## WHAT YOU ARE ASKED TO DO
Exclude the pictures and reproduce exactly the lines that run from the one holding "anrufen | |" to the end of the entries below.

[Collection entries]
□ □ □ □

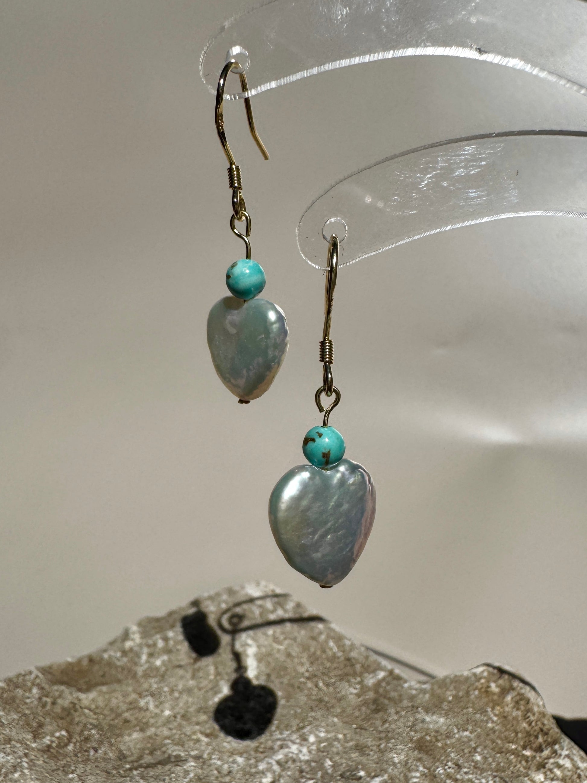 The Ocean Heart Earrings bring together the vibrant energy of turquoise with the timeless beauty of freshwater pearls. Featuring a delicate turquoise bead above a natural heart-shaped pearl, this design feels both playful and elegant, echoing the harmony of sea and sky. A perfect choice for those who love jewelry inspired by nature’s colors and symbols of love.
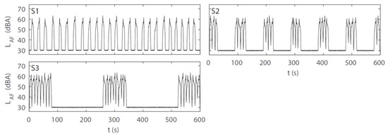 A-weighted and FAST-time weighted level-time histories (LAF) of the road traffic noise scenarios in experiment 2. S1–S3 refer to noise scenario 1–3 (cf. Table 5).
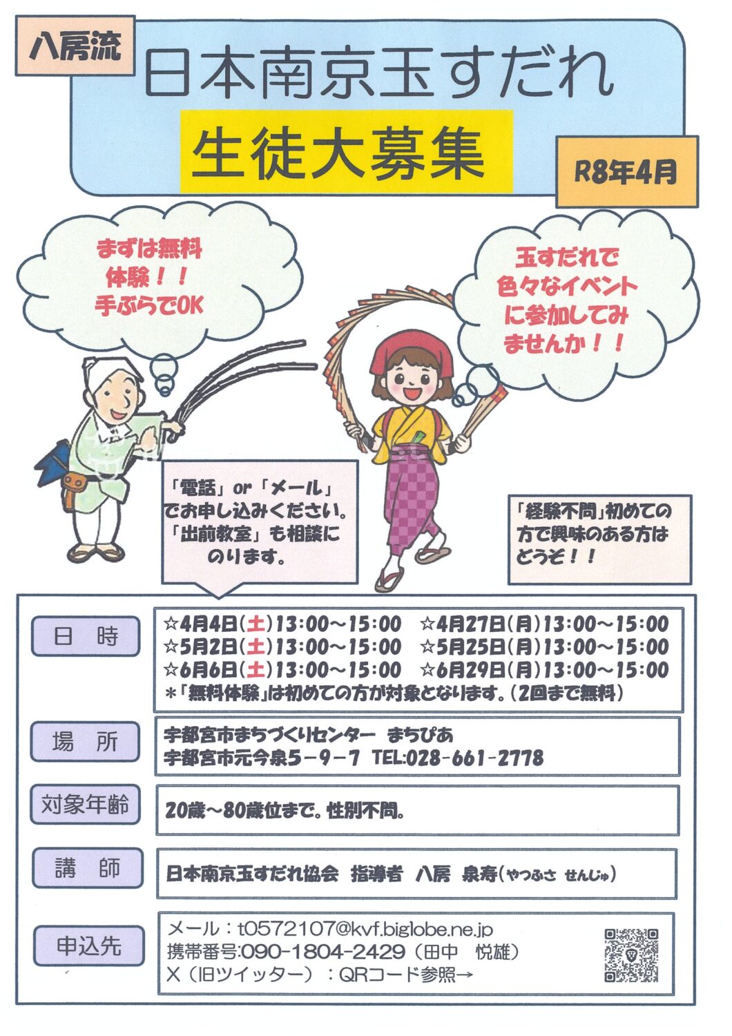 | 対象 | 20歳~80歳くらいまで。性別不問 |
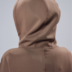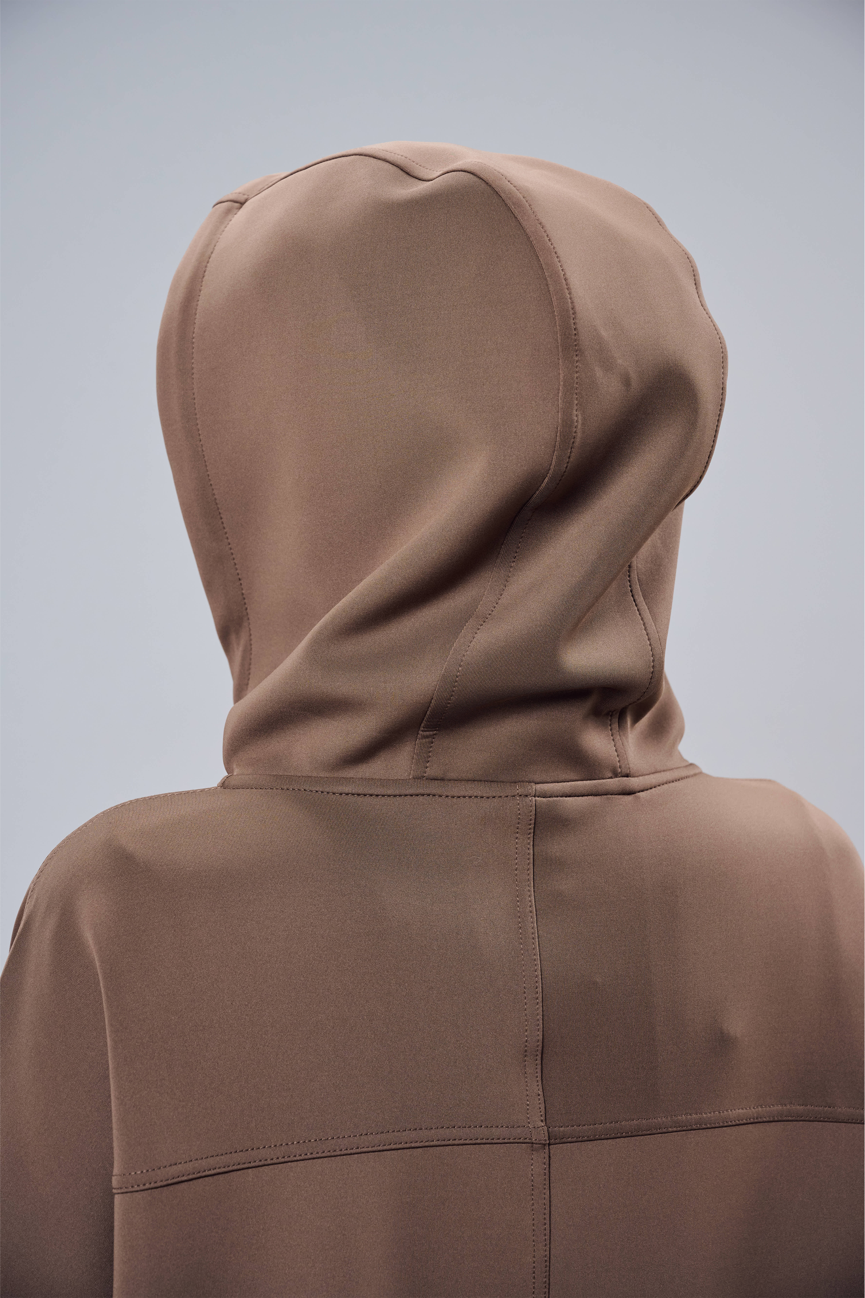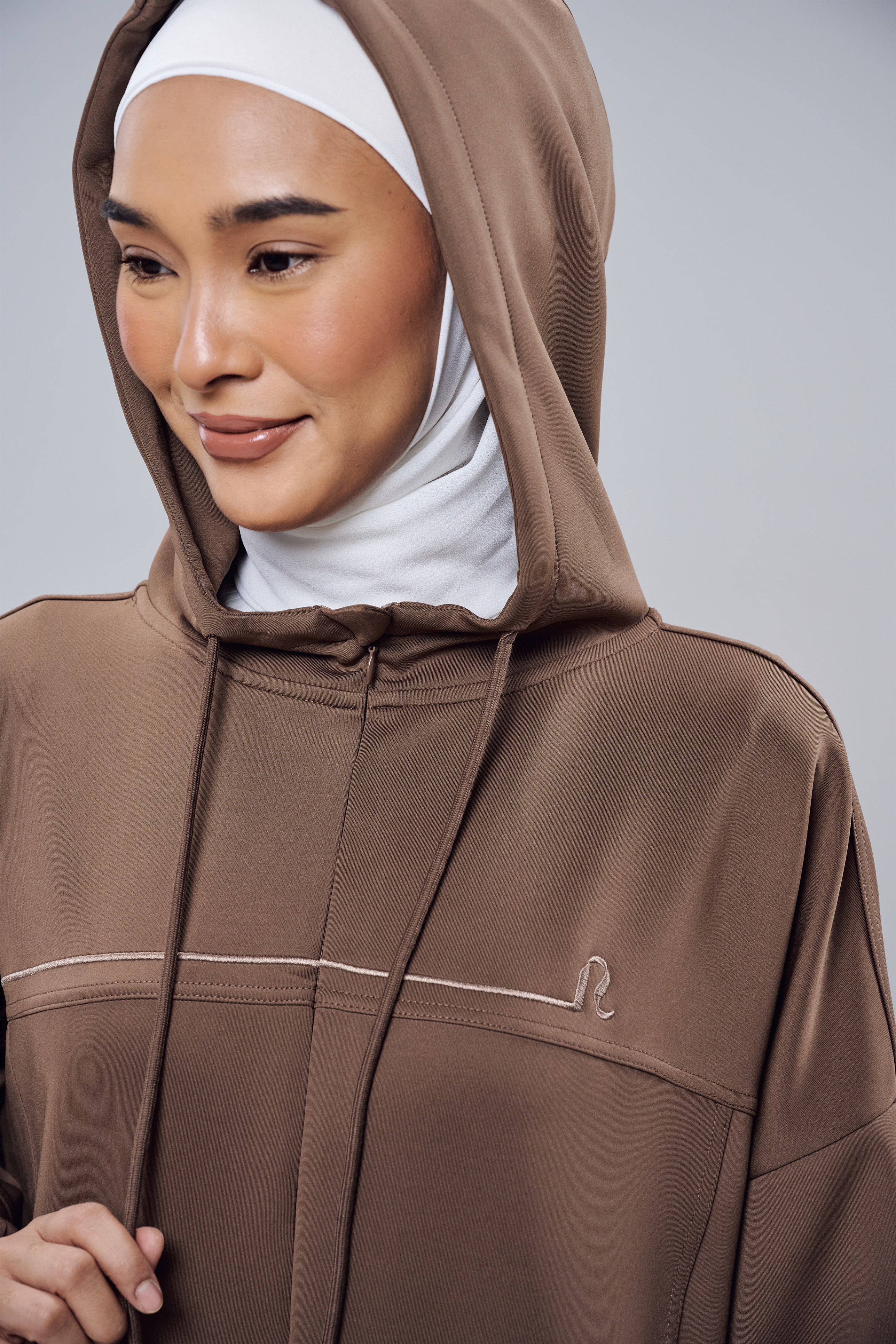 The high neckline with an attached 3-panel hoodie adds a polished sporty touch, while the curved hem side detailing keeps the silhouette flattering and modest.
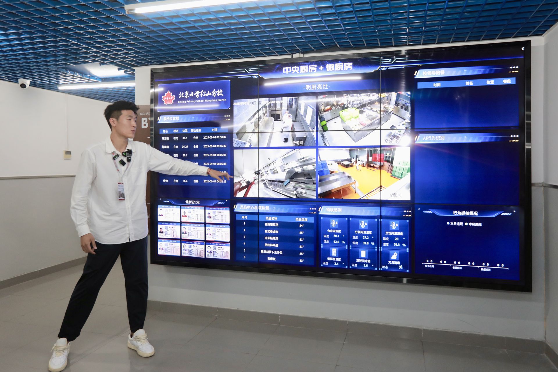 闫续介绍,学校秋季首次投入智慧物联监管系统,同时设置了食品留样柜、物联冰箱,保证从食材到出品不留监管死角;为了解决中远端央厨缺少监管的难题,通过连接粗加工、切配、烹饪、洗消等关键场景的视频信号,在微厨房端即可对中央厨房中的画面进行监控,督促中央厨房规范粗加工与洗消操作。学校通过“设备互联+数据互通+动态监管”模式,形成“来源可溯、过程可控、风险可防、责任可追”的闭环管理体系。
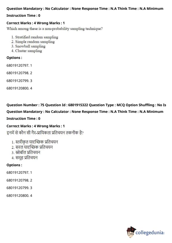 - Generalisation can be drawn based on small proportion of the population (Option 4): This is the fundamental principle behind sampling — generalising results from the sample to the broader population. Quick Tip: Sampling techniques are used to reduce costs and time when studying large populations. The key is ensuring the sample is representative of the population.
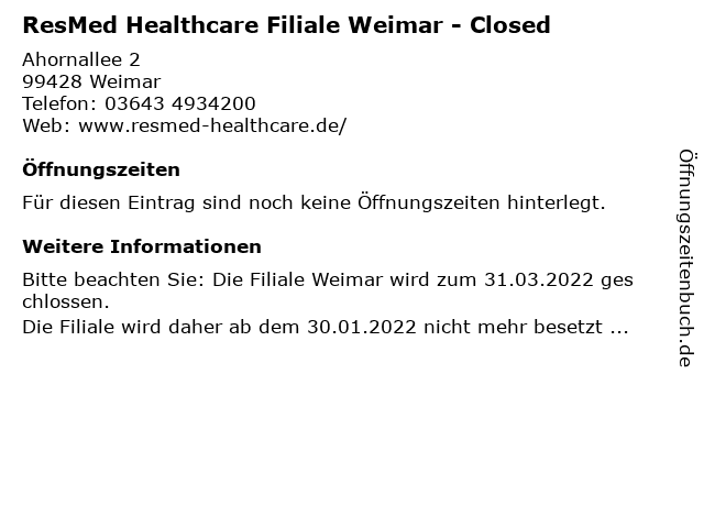 | ResMed Healthcare Filiale Weimar - Closed anrufen | |
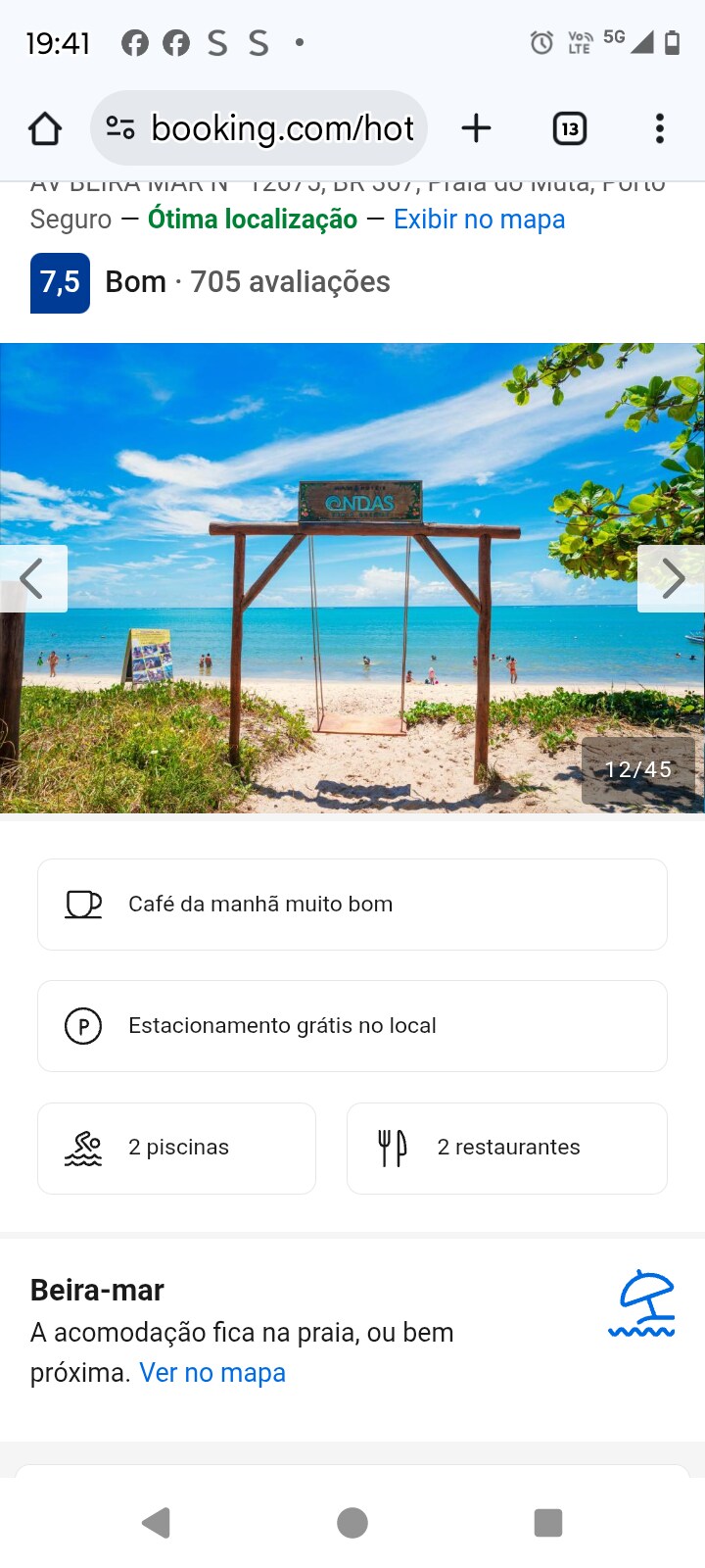 Hospede-se com conforto, praticidade e a poucos passos do mar! Apartamento localizado à beira-mar da Praia de Taperapuan, uma das praias mais famosas e completas de Porto Seguro, perfeita para quem busca descanso, lazer e ótima localização. O apartamento acomoda até 5 hóspedes, oferecendo conforto, funcionalidade e o clima acolhedor de um apart-hotel com a privacidade que você merece. Diferenciais que fazem a diferença: Localização frente ao mar Estrutura de apart-hotel Sem taxa de limpeza
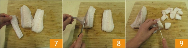 and remove the central bone 7. Remove any skin residues 8 and cut it into pieces of the same size, about an inch 9.
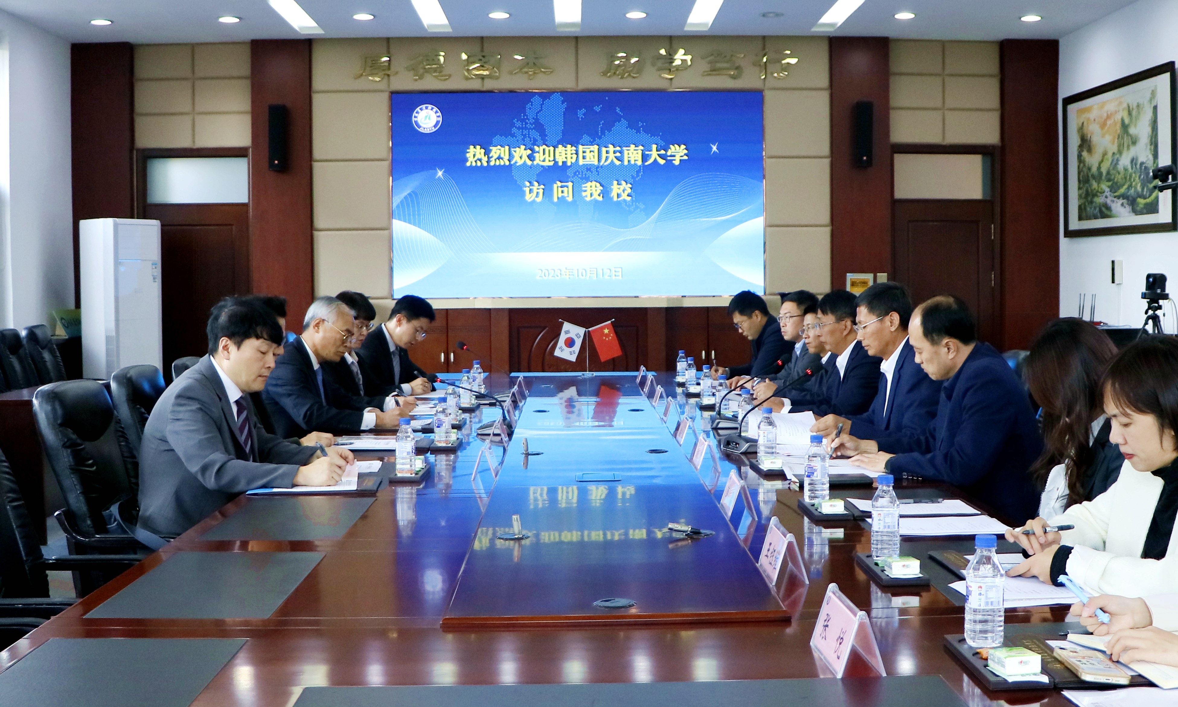 10月12日下午,庆南大学副校长朴在润带领机械工学部教授安大健、国际处处长兼中韩交流合作院院长洪瑄英、国际处部长高健荣、中韩交流合作院副院长裴大庸以及中国办事处代表韩晶一行到校访问。我校校长李启云、副校长潘力、副校长尹柏双及机械与土木工程学院、国际合作与交流处相关领导、教师出席相关会议。

□ □ □ □

## ANSWER TO THIS EXERCISE
 | ResMed Healthcare Filiale Weimar - Closed anrufen | |
 Hospede-se com conforto, praticidade e a poucos passos do mar! Apartamento localizado à beira-mar da Praia de Taperapuan, uma das praias mais famosas e completas de Porto Seguro, perfeita para quem busca descanso, lazer e ótima localização. O apartamento acomoda até 5 hóspedes, oferecendo conforto, funcionalidade e o clima acolhedor de um apart-hotel com a privacidade que você merece. Diferenciais que fazem a diferença: Localização frente ao mar Estrutura de apart-hotel Sem taxa de limpeza
 and remove the central bone 7. Remove any skin residues 8 and cut it into pieces of the same size, about an inch 9.
 10月12日下午,庆南大学副校长朴在润带领机械工学部教授安大健、国际处处长兼中韩交流合作院院长洪瑄英、国际处部长高健荣、中韩交流合作院副院长裴大庸以及中国办事处代表韩晶一行到校访问。我校校长李启云、副校长潘力、副校长尹柏双及机械与土木工程学院、国际合作与交流处相关领导、教师出席相关会议。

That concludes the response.